> [Data to use]

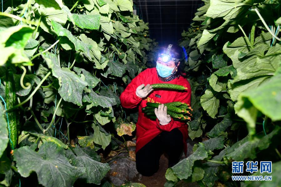在寿光市绿圣果蔬专业合作社,菜农桑雪梅带着头灯采摘黄瓜(2月2日摄)。新华社记者 郭绪雷 摄
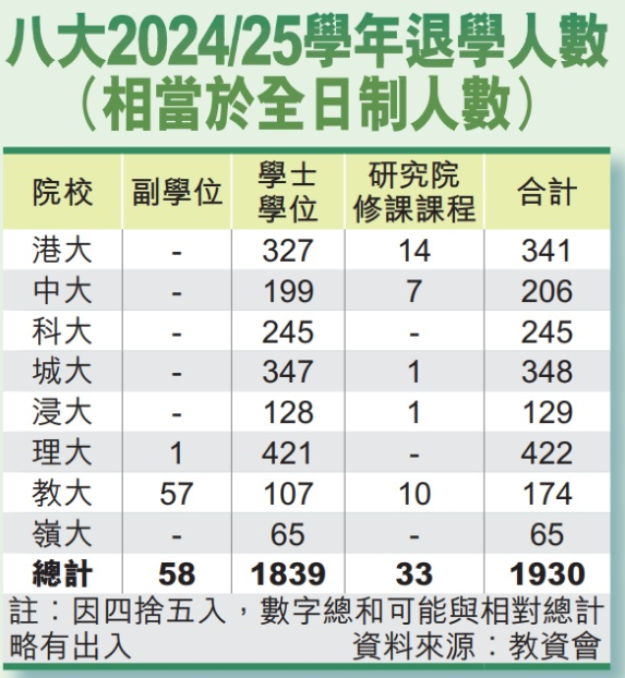 教资会昨公布各资助大学的学生人数,2024/25学年八大共1930名全日制学生退学,较前一年度的2106人减少约8.4%,其中1839人修读学士学位课程,58人修读副学位,33人修读研究院修课课程,均较23/24年度下降。按院校分析,八大退学人数介乎65至422人,其中科技大学在24/25学年共245人退学,全部是本科生,较前一学年增加22人,升幅近一成,是八大中唯一录得退学人数增加的大学。退学人数最多的是理工大学,共422人退学,但较前一年度减少16人,跌幅约3.7%;最少人退学的是岭南大学,共65人退学,均为本科生。
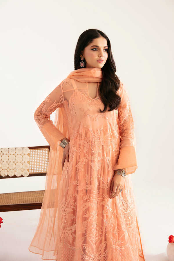 3 piece: Shirt, Inner, and Dupatta Angaan, from the So Kamal Eid Collection 2024 is a refreshing peach flared shirt on an organza base. This Eid dress design is beautifully...
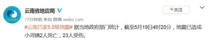中新網(wǎng)5月19日電 據(jù)云南省地震局官方微博消息,據(jù)當(dāng)?shù)卣块T統(tǒng)計(jì),截至5月19日4時(shí)20分,地震已造成小河鎮(zhèn)2人死亡,23人受傷。
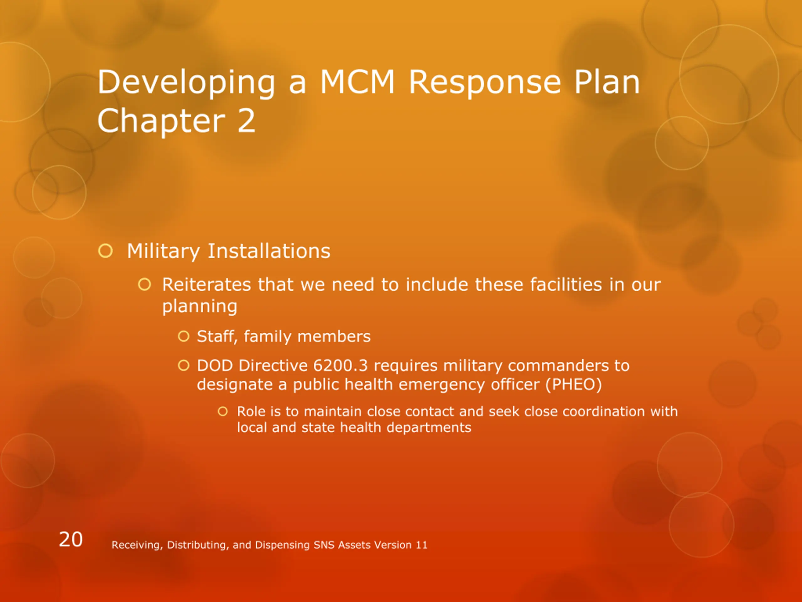 Developing a MCM Response Plan Chapter 2 Military Installations Reiterates that we need to include these facilities in our planning Staff, family members DOD Directive 6200.3 requires military commanders to designate a public health emergency officer (PHEO) Role is to maintain close contact and seek close coordination with local and state health departments 20 Receiving, Distributing, and Dispensing SNS Assets Version 11
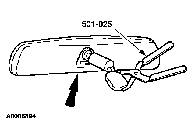 1. Place the interior mirror on the windshield bracket. Using the special tool, press the mirror in place until fully seated.
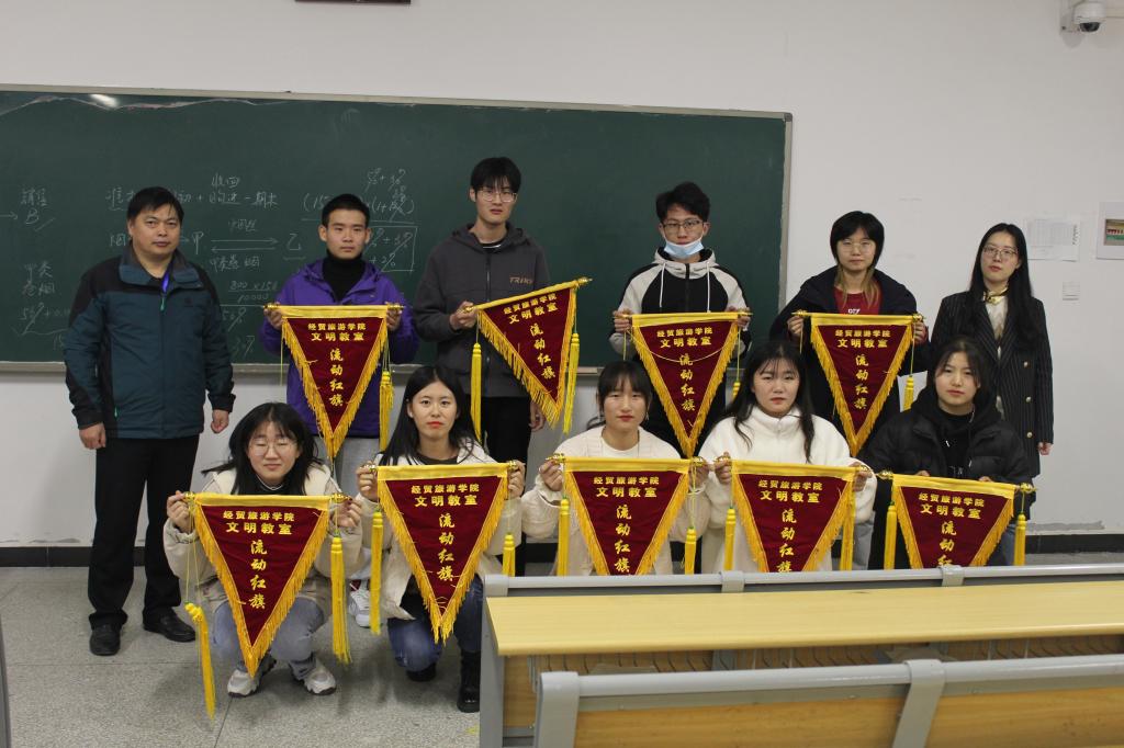 为了鼓励先进,促进校园精神文明建设,公司于11月24日,在南楼111教室举行流动红旗的颁奖仪式。获得本次流动红旗的班级有20审计班、20会计5班、20互联网金融班、20旅游管理1班、20会计6班、20会计3班、20中美合作班、20电子商务班和20会计1班等九个班级。所有20级新生班级的班长、劳动委员都参加了此次仪式。公司党总支副书记尹仕果为获得表彰的班级授予卫生流动红旗。
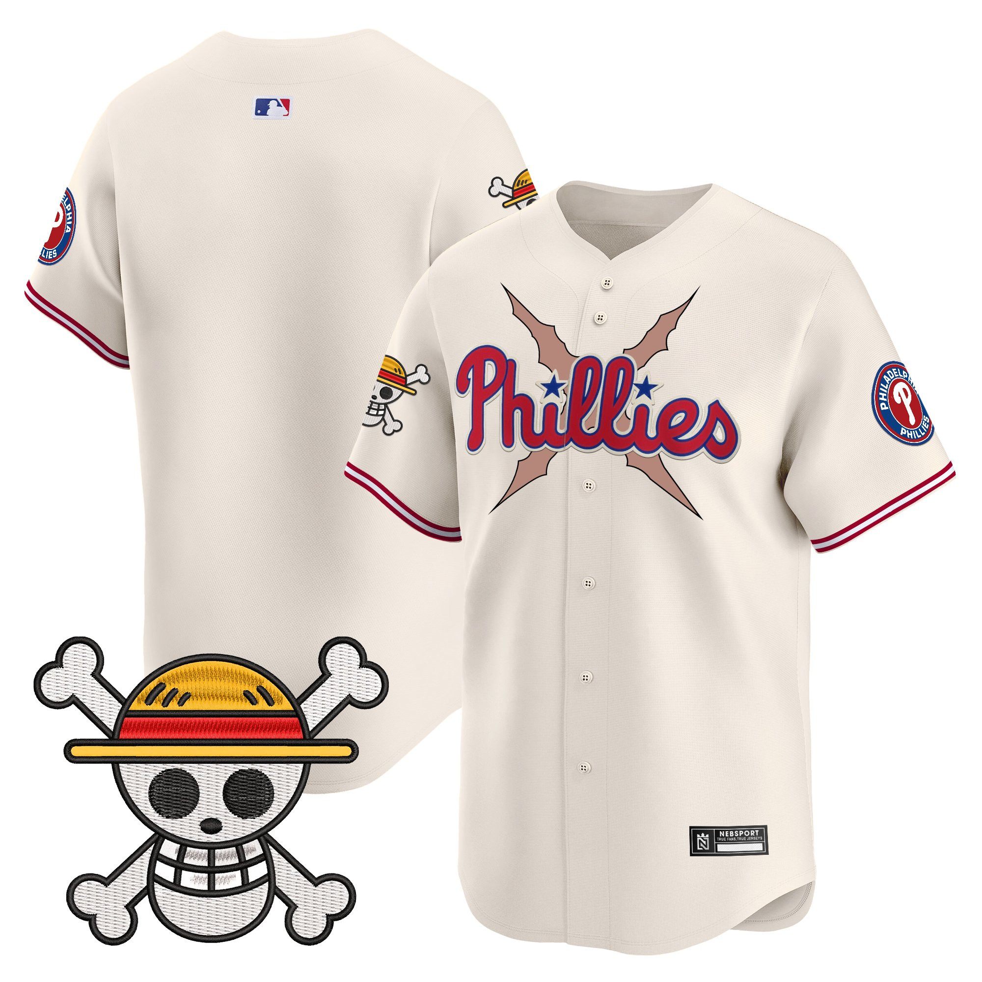 Phanatic Men’s Philadelphia Phillies x One Piece 2025 Vapor Premier Limited Cream Jersey – All Stitched
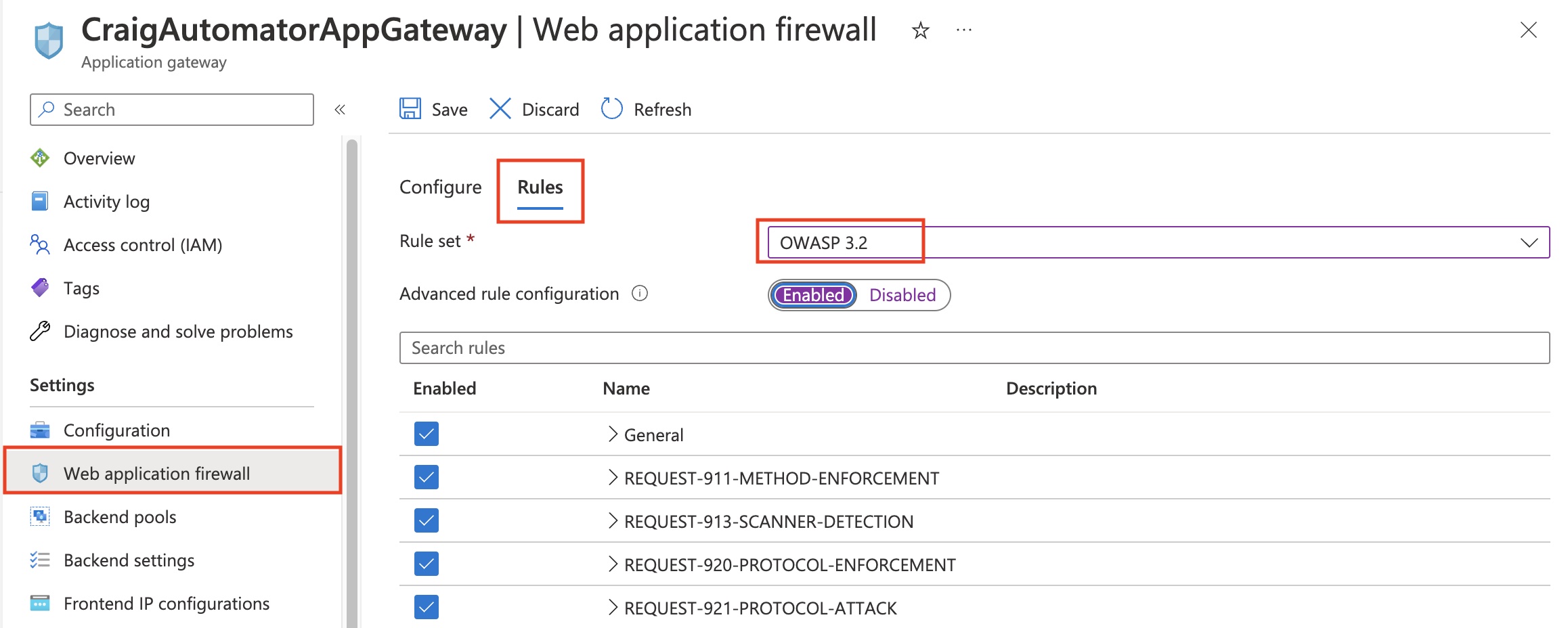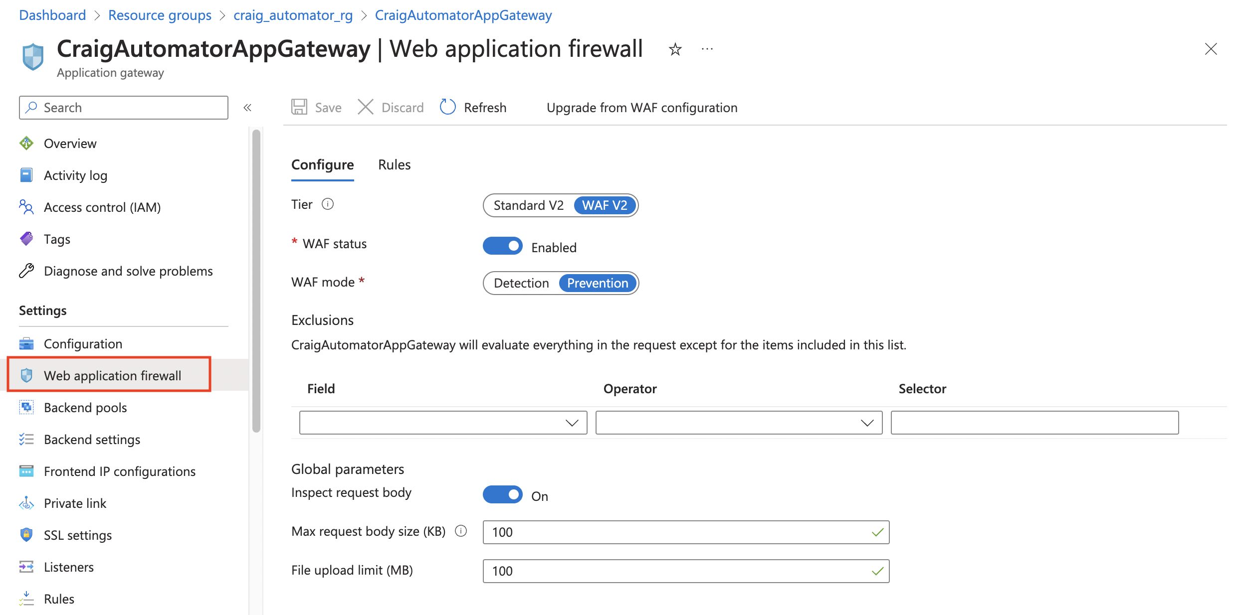 From the Azure portal interface, open the Automator App Gateway and then click on "Web application firewall" on the left side. Enable the WAF V2 and configure the screen exactly as seen below.

> [Directions] Transcribe the material as is, with images omitted.

> [Solved exercise]
在寿光市绿圣果蔬专业合作社,菜农桑雪梅带着头灯采摘黄瓜(2月2日摄)。新华社记者 郭绪雷 摄
 教资会昨公布各资助大学的学生人数,2024/25学年八大共1930名全日制学生退学,较前一年度的2106人减少约8.4%,其中1839人修读学士学位课程,58人修读副学位,33人修读研究院修课课程,均较23/24年度下降。按院校分析,八大退学人数介乎65至422人,其中科技大学在24/25学年共245人退学,全部是本科生,较前一学年增加22人,升幅近一成,是八大中唯一录得退学人数增加的大学。退学人数最多的是理工大学,共422人退学,但较前一年度减少16人,跌幅约3.7%;最少人退学的是岭南大学,共65人退学,均为本科生。
 3 piece: Shirt, Inner, and Dupatta Angaan, from the So Kamal Eid Collection 2024 is a refreshing peach flared shirt on an organza base. This Eid dress design is beautifully...
中新網(wǎng)5月19日電 據(jù)云南省地震局官方微博消息,據(jù)當(dāng)?shù)卣块T統(tǒng)計(jì),截至5月19日4時(shí)20分,地震已造成小河鎮(zhèn)2人死亡,23人受傷。
 Developing a MCM Response Plan Chapter 2 Military Installations Reiterates that we need to include these facilities in our planning Staff, family members DOD Directive 6200.3 requires military commanders to designate a public health emergency officer (PHEO) Role is to maintain close contact and seek close coordination with local and state health departments 20 Receiving, Distributing, and Dispensing SNS Assets Version 11
 1. Place the interior mirror on the windshield bracket. Using the special tool, press the mirror in place until fully seated.
 为了鼓励先进,促进校园精神文明建设,公司于11月24日,在南楼111教室举行流动红旗的颁奖仪式。获得本次流动红旗的班级有20审计班、20会计5班、20互联网金融班、20旅游管理1班、20会计6班、20会计3班、20中美合作班、20电子商务班和20会计1班等九个班级。所有20级新生班级的班长、劳动委员都参加了此次仪式。公司党总支副书记尹仕果为获得表彰的班级授予卫生流动红旗。
 Phanatic Men’s Philadelphia Phillies x One Piece 2025 Vapor Premier Limited Cream Jersey – All Stitched
 From the Azure portal interface, open the Automator App Gateway and then click on "Web application firewall" on the left side. Enable the WAF V2 and configure the screen exactly as seen below.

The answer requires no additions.